Student: Vakaris Žilius

Mentor: Daniel Goldberg

Introduction

During GSOC 2018, Vakaris worked with me on the Infection Monkey.

The Infection Monkey is an open source security tool for testing a data center’s resiliency to perimeter breaches and internal server infection. The Monkey uses various methods to self propagate across a data center and reports success to a centralized Monkey Island server.

As part of the project, Vakaris implemented a new framework for web vulnerabilities and added multiple new exploit methods using this framework. This makes it far easier for other contributors to add new exploits and gives the Infection Monkey some serious power in older networks.
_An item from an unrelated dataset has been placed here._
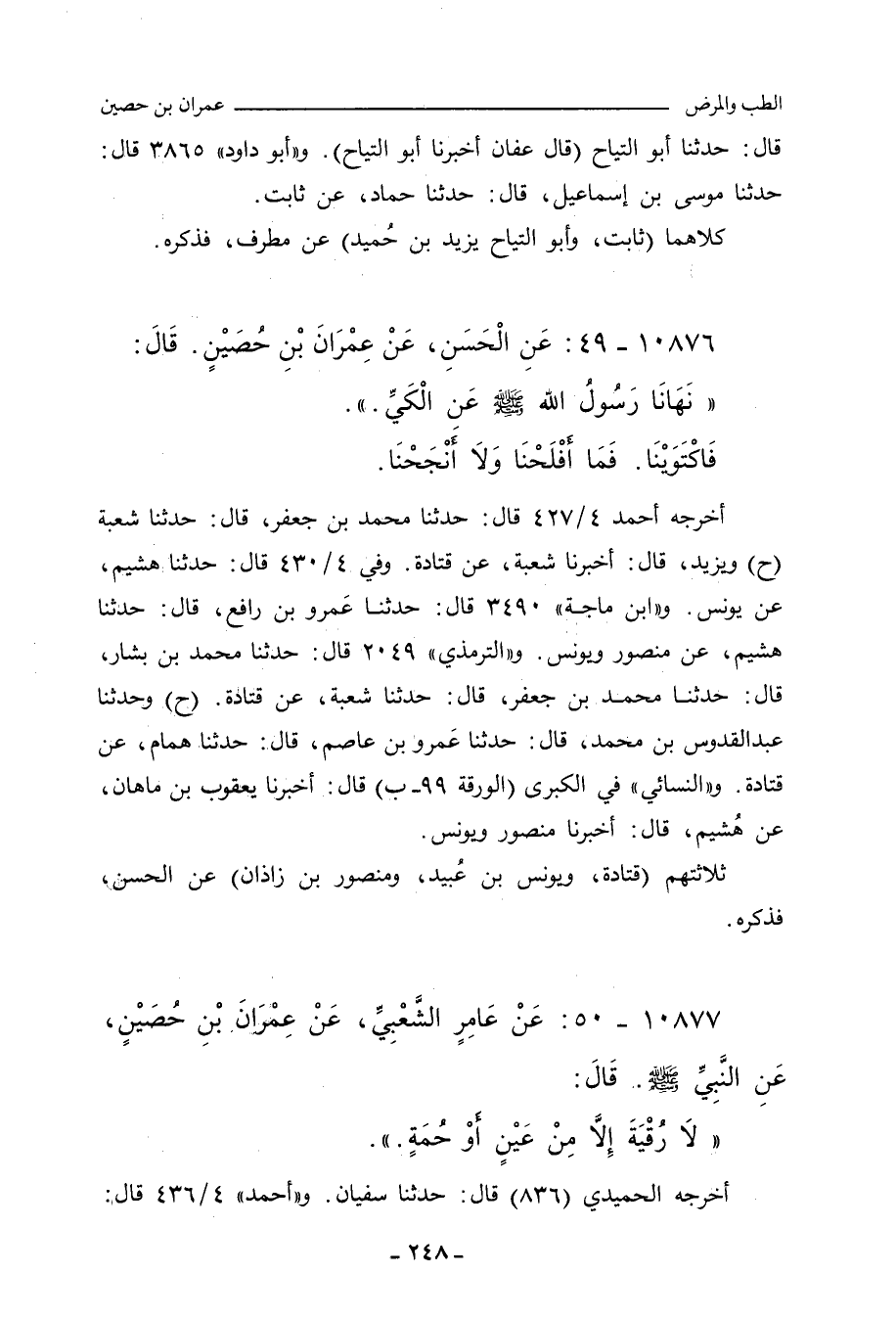 - وفي رواية: نُهِينَا عَنِ الْكَيِّ. ت رواية هَمَّام

Features coded during GSOC

  • A remote exploit for Struts2 jakarta multiparser RCE exploit ( CVE-2017-5638 ) PR #179
  • A remote exploit for Oracle WebLogic REST API (CVE-2017-10271) PR #180
  • And Remote code execution on HADOOP server with YARN and default settings PR #182
  • A new framework that all these exploits use to easily develop new web attacks PR #159
  • SSH key stealing, allowing the Monkey to propagate in networks that use SSH keys for authentication. PR #138

As part of this work, Vakaris identified and fixed dozens of small bugs spread across multiple features. From this work we identified issues we’d like to solve in the future like

  • It’s still really hard to add new exploits, as it requires adding code to multiple ancillary files like the report generation mechanism.
  • Python 2.7 is going to die and new useful libraries are Python 3 only, so we’ll need to migrate the code

Challenges and learning experiences (Written by Vakaris)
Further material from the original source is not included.